→ **WHAT TO DO**: Return, word for word, only the lines of the data below that lie between the line with "오늘자 윈터(김민정) 두산시구 기사사진모음jpg" and the line with "Hi, I’m Pam", those two lines included.

[Opening DATA LISTING section]

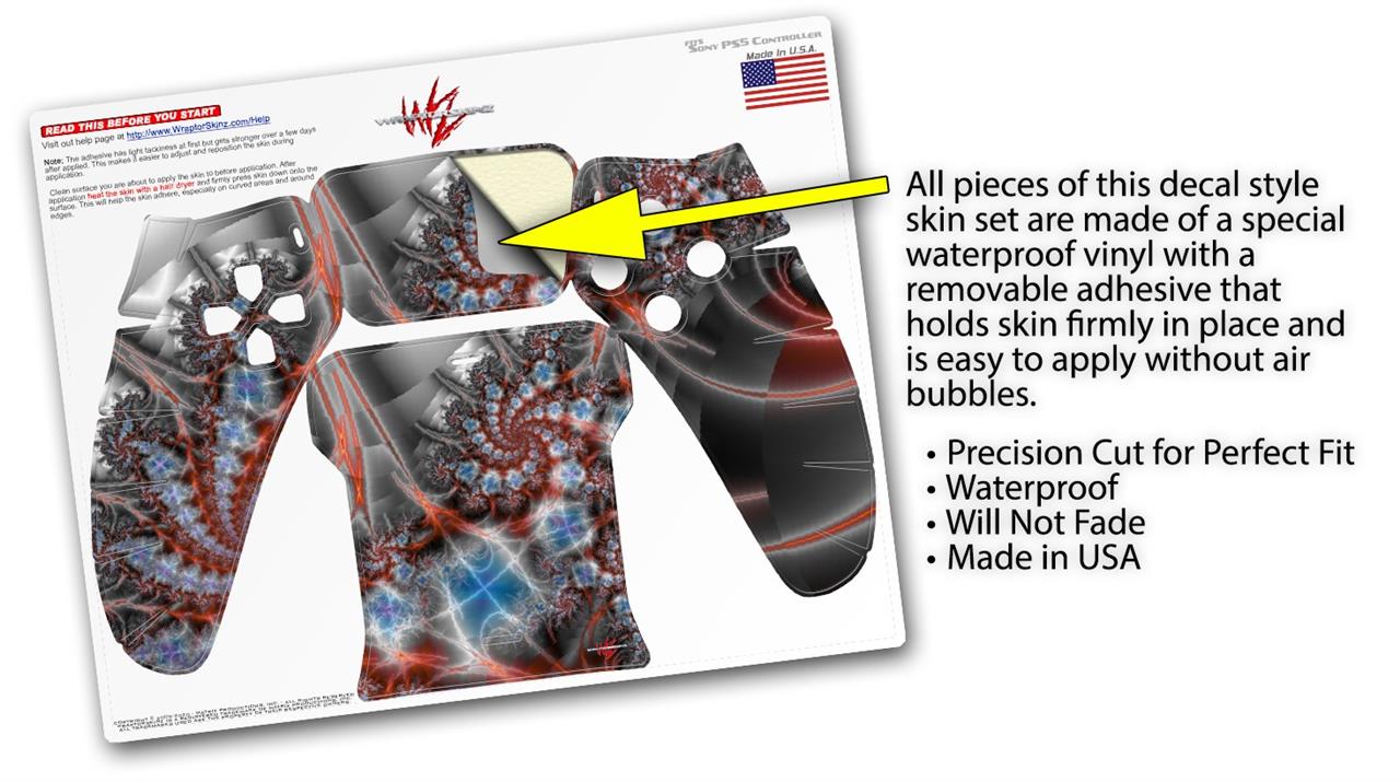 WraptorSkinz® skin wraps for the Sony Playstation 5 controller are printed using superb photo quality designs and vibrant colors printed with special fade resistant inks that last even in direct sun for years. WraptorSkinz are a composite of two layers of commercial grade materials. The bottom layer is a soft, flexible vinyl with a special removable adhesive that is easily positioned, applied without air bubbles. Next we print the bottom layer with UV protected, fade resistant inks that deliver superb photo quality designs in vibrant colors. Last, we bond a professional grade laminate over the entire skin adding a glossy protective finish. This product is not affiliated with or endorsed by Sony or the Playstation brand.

[Closing DATA LISTING section]
[Opening DATA LISTING section]

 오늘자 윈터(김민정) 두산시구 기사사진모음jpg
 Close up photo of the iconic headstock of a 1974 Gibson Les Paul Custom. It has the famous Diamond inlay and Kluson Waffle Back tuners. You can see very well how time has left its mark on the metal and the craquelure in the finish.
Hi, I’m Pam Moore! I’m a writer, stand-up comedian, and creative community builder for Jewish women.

[Closing DATA LISTING section]

→ **SOLUTION**:
 오늘자 윈터(김민정) 두산시구 기사사진모음jpg
 Close up photo of the iconic headstock of a 1974 Gibson Les Paul Custom. It has the famous Diamond inlay and Kluson Waffle Back tuners. You can see very well how time has left its mark on the metal and the craquelure in the finish.
Hi, I’m Pam Moore! I’m a writer, stand-up comedian, and creative community builder for Jewish women.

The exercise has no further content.